All the blocked threads are sitting in this type of call stack, trying to enter a lock (JIT_MonTryEnter
). Normally you would see a thread either owning the lock or waiting in an aware lock like in this post, but here it is just spinning trying to enter the lock.
0:056> kb 2000
ChildEBP RetAddr Args to Child
10b0f4d8 0eb65afc 06bc5448 06bc53f8 22a9c796 mscorwks!JIT_MonTryEnter+0xad
WARNING: Frame IP not in any known module. Following frames may be wrong.
10b0f504 69918f30 10b0f560 06bc5448 06bc5448 0xeb65afc
00000000 00000000 00000000 00000000 00000000 System_Web_Services_ni+0x28f30
unfortunately the managed stack is not very helpful in telling us where the lock was taken
0:056> !clrstack
OS Thread Id: 0x15c4 (56)
ESP EIP
10b0f8f8 79e73eac [ContextTransitionFrame: 10b0f8f8]
10b0f948 79e73eac [GCFrame: 10b0f948]
10b0faa0 79e73eac [ComMethodFrame: 10b0faa0]
and if we run !syncblk
we have no active sync blocks, so no help there when it comes to finding out who owns this lock.
0:056> !syncblk
Index SyncBlock MonitorHeld Recursion Owning Thread Info SyncBlock Owner
-----------------------------
Total 165
CCW 4
RCW 1
ComClassFactory 0
Free 8
seems like we are stuck between a rock and a hard place here.

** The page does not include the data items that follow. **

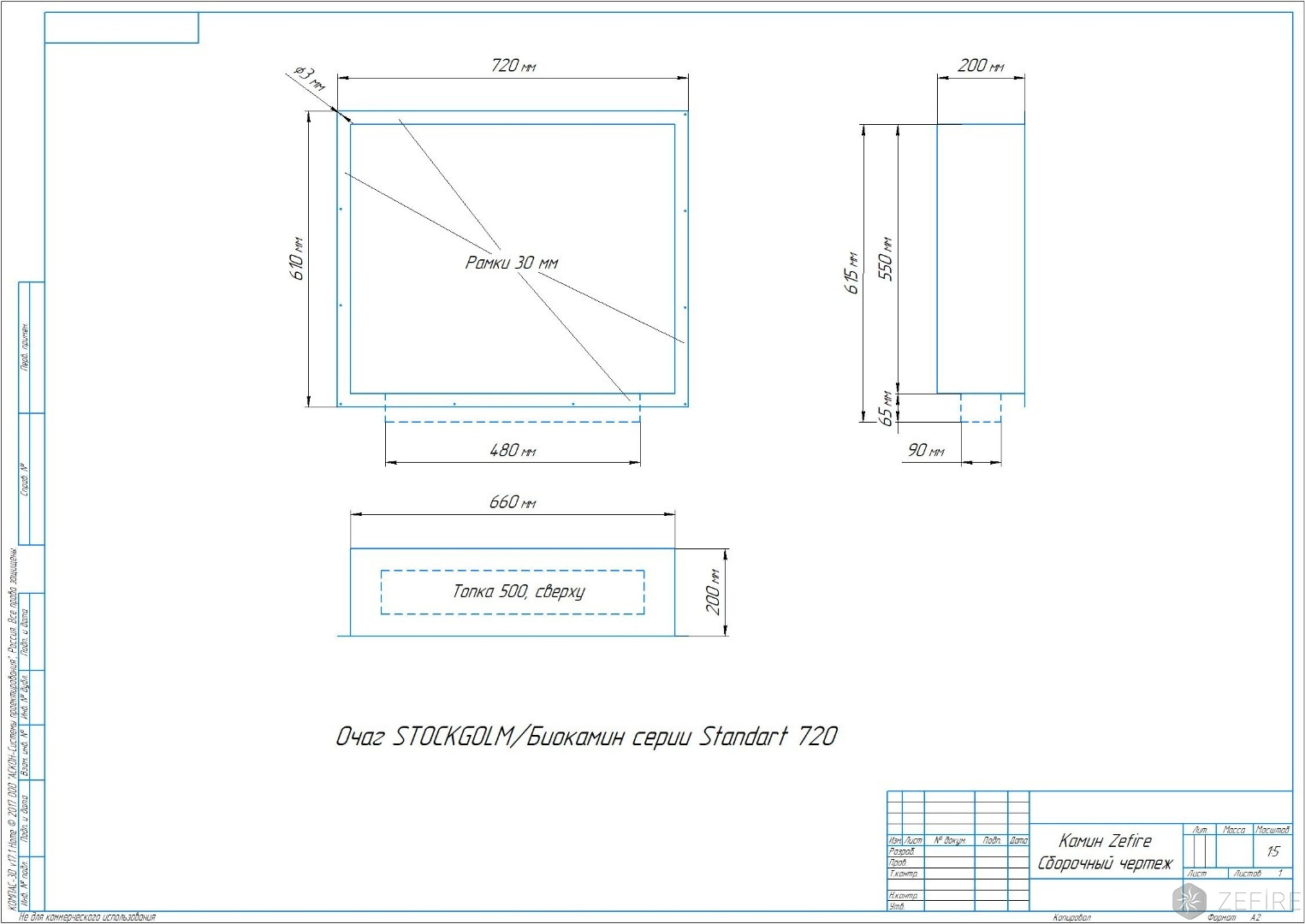 Биокамин Zefire Standart 720 для встраивания в портал со стемалитом
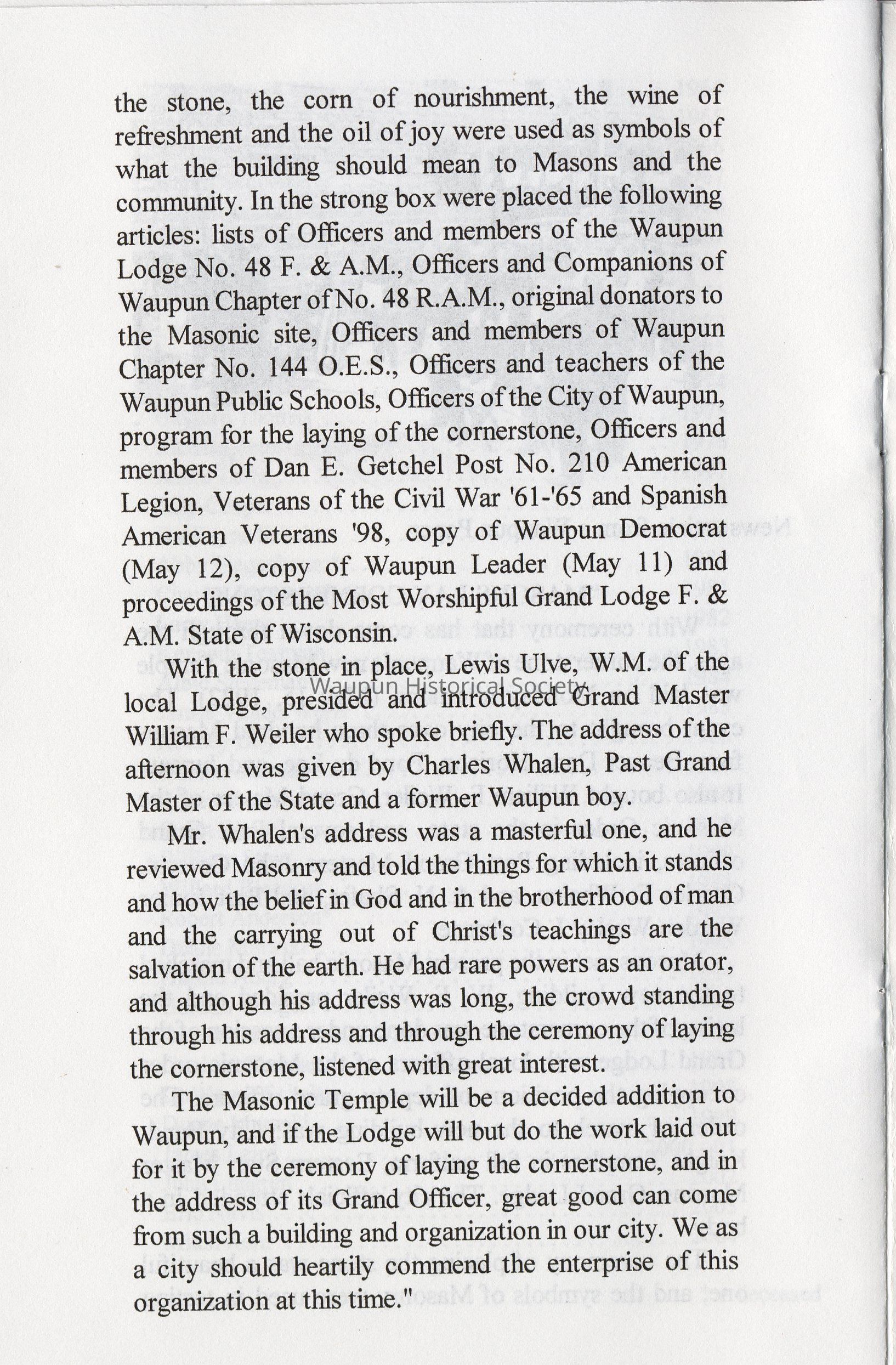 With the stone in place, Lewis Ulve, W. M. of the local Lodge, presided and introduced Grand Master William F. Weiler who spoke briefly. The address of the afternoon was given by Charles Whalen, Past Grand Master of the State and a former Waupun boy.
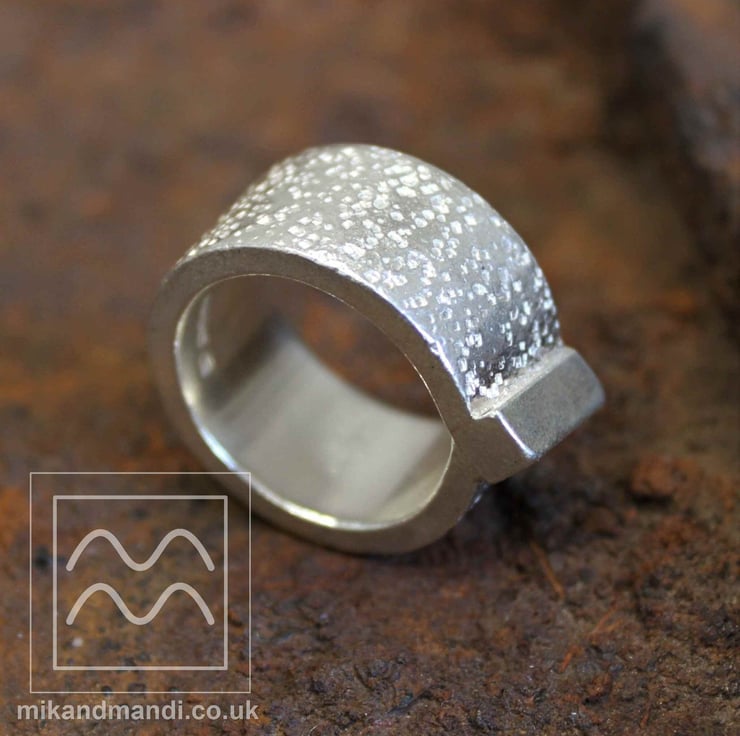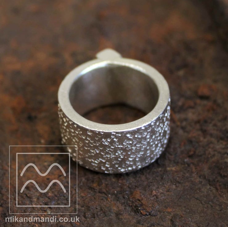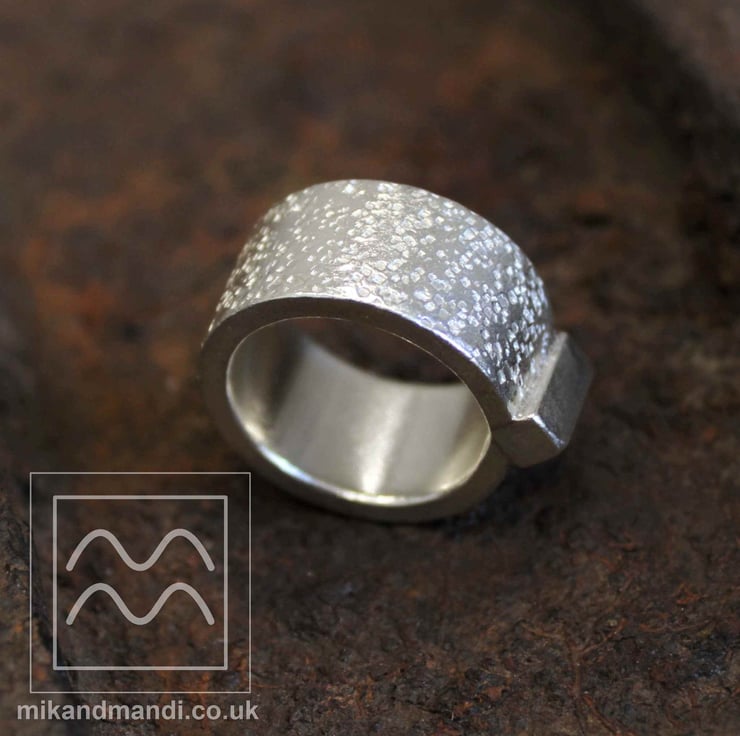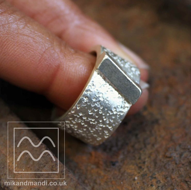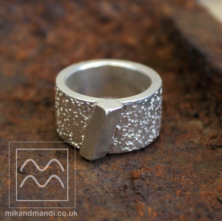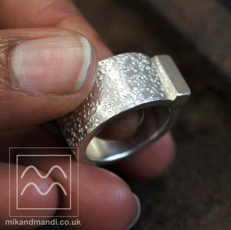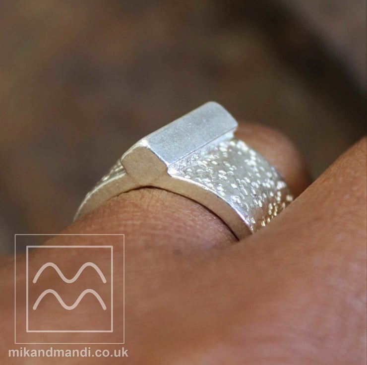 This is inspired by signet rings. Mik likes heavy pieces to wear and the significance of a signet, which is really a type of signature. The band is really solid but textured, signifying strength that has been tested by time. The square bar represents organising, planning and building for the future, but is placed at an angle, as everything we do will always find its own way.
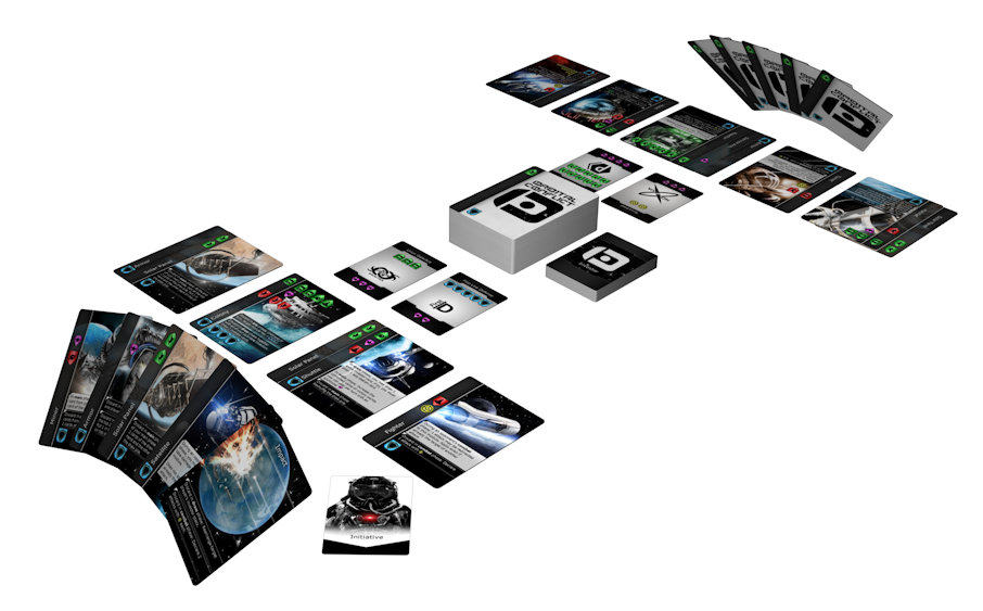 Noteworthy mechanics are no hand limit, that station cards can extend by being placed on top or below existing once. Claimed investor cards have a mini-game like mechanic where they are pushed from the right or left.
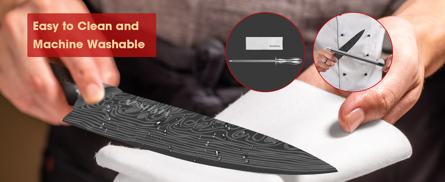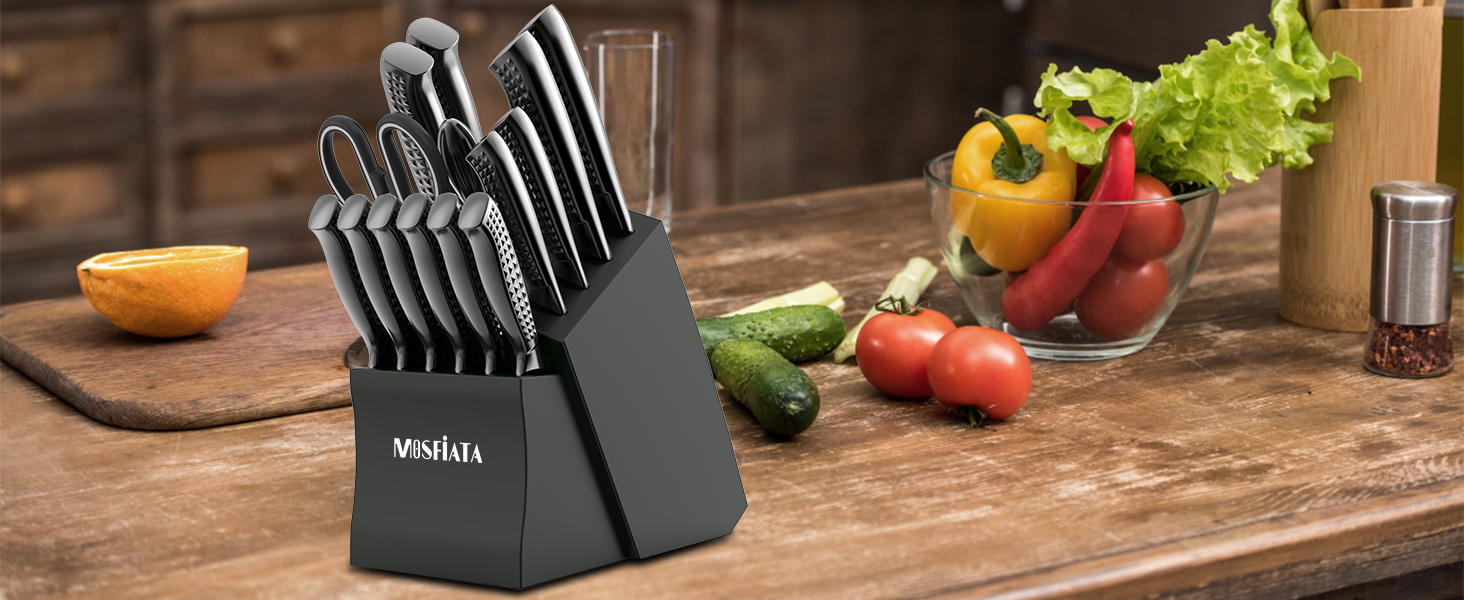 The MOSFiATA Kitchen Knife Set includes 17 essential pieces crafted from high carbon Japanese stainless steel, featuring a stylish and durable knife block. With a Rockwell hardness of 56+, these knives are designed for professional performance and are dishwasher safe, making them a perfect addition to any kitchen.
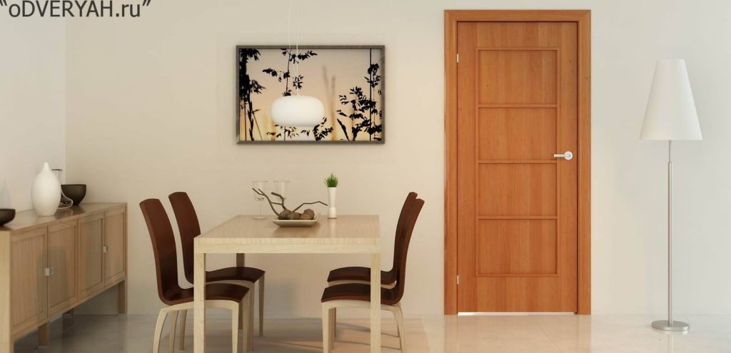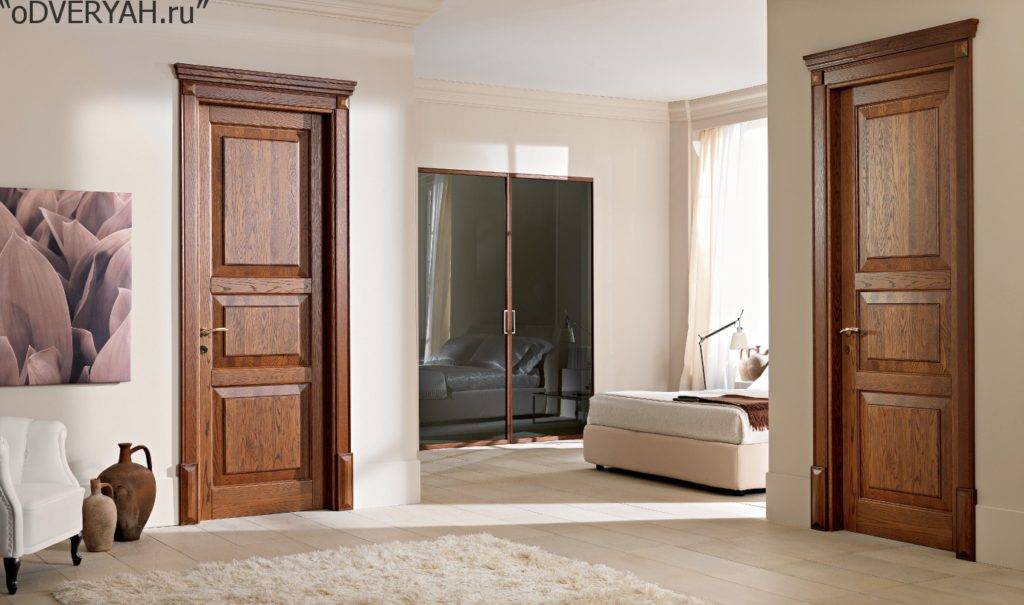 Филенчатые двери делают из досок или цельного бруса, однако более популярным является клееный вариант. Чтобы материал имел красивый внешний вид, его обклеивают шпоном из дерева. Если дверь изготовлена качественно, ее сложно отличить от конструкции из цельного массива.
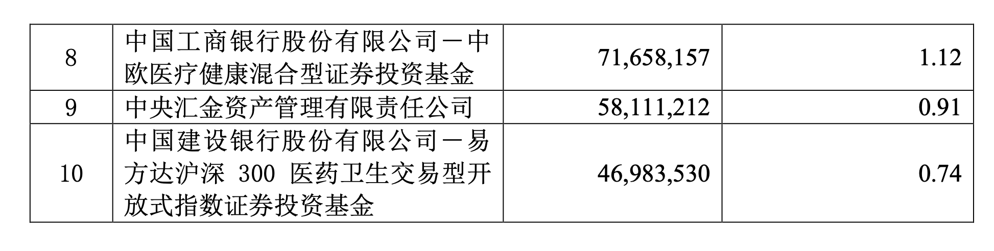 公告内容显示,葛兰管理的公募基金中欧医疗健康混合型证券投资基金(简称“中欧医疗健康”),继续位列恒瑞医药第八大股东,持股数量为7165.82万股,占总股本比例为1.12%。
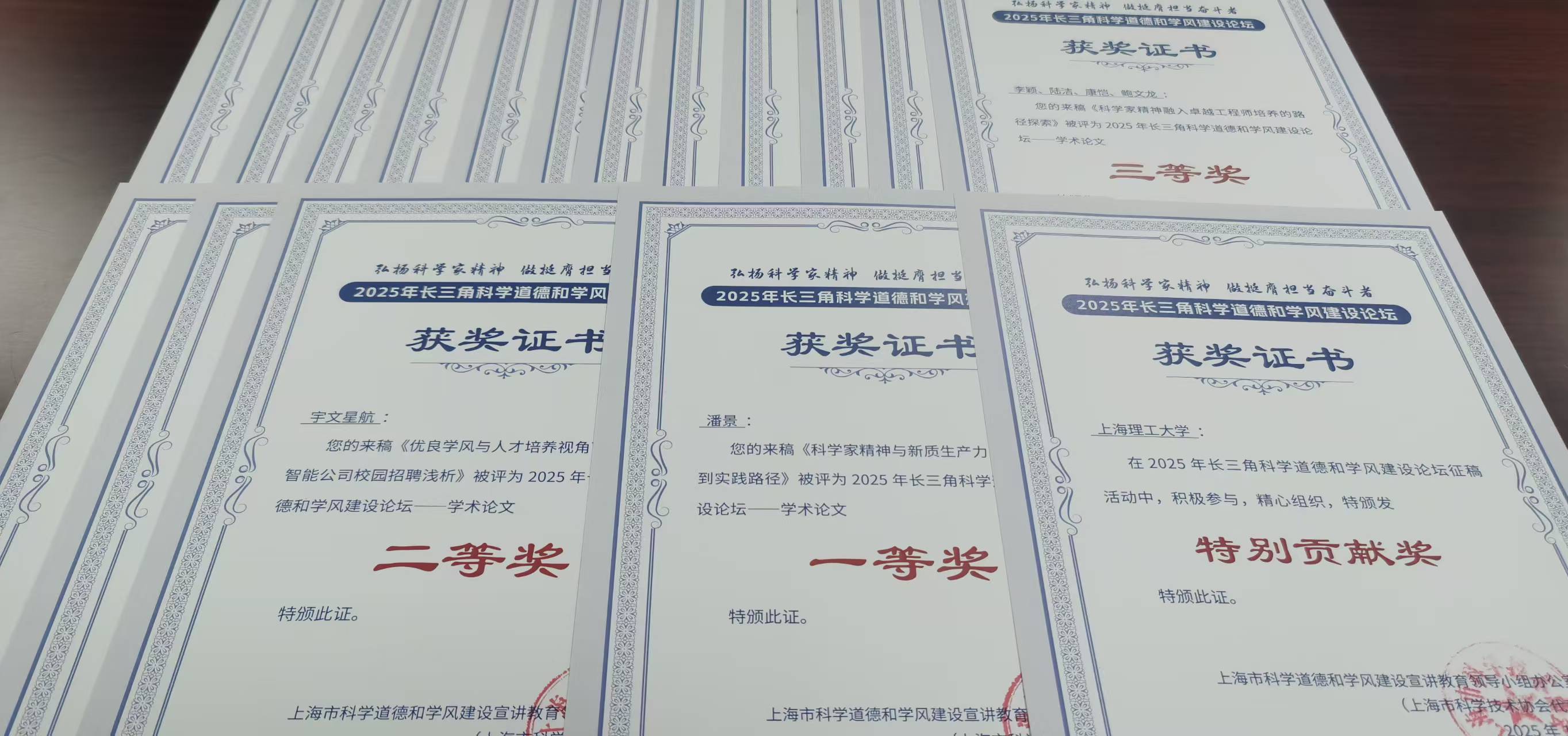 上海理工大学一直立足于时代责任和历史使命,将科学道德与学风建设落实到求学、教学和治学全过程。在长三角科学道德与学风建设论坛评选活动中再创佳绩,展现了我校在弘扬科学家精神、涵养优良学风方面的扎实工作与初步成效。未来,学校将坚持立德树人、厚植爱国情怀、突出价值引领,引导师生在崇德向善中勇于创新、坚持理性,恪守学术道德,强化底线意识,勇攀学术高峰,共同书写以科学家精神培育时代新人的新篇章。

I have shown the command !dumpstack
before. It shows a mixture of a managed and native call stack but it is a raw stack, meaning that it will pretty much just display any addresses on the stack that happen to be pointing to code. This means that !dumpstack
will not give a true stack trace (i.e. like !clrstack and kb where if functionA calls functionB we will see functionA directly below functionB in the stack) and anything shown by !dumpstack
may or may not be correct. Anyways, with that little warning, here comes !dumpstack
:)
0:056> !dumpstack
OS Thread Id: 0x15c4 (56)
Current frame: mscorwks!JIT_MonTryEnter+0xad
ChildEBP RetAddr Caller,Callee
10b0f47c 638c7552 (MethodDesc 0x63a539a0 +0x62 System.Xml.Schema.XmlSchemaSet.Add(System.Xml.Schema.XmlSchemaSet)),
calling mscorwks!JIT_MonTryEnter
10b0f480 793463bb (MethodDesc 0x7923bbc8 +0xdb System.Collections.Hashtable..ctor(Int32, Single)),
calling mscorwks!JIT_Dbl2IntSSE2
10b0f498 638b36f6 (MethodDesc 0x63a505f0 +0xa6 System.Xml.Schema.SchemaInfo..ctor()),
calling (MethodDesc 0x7923bbc8 +0 System.Collections.Hashtable..ctor(Int32, Single))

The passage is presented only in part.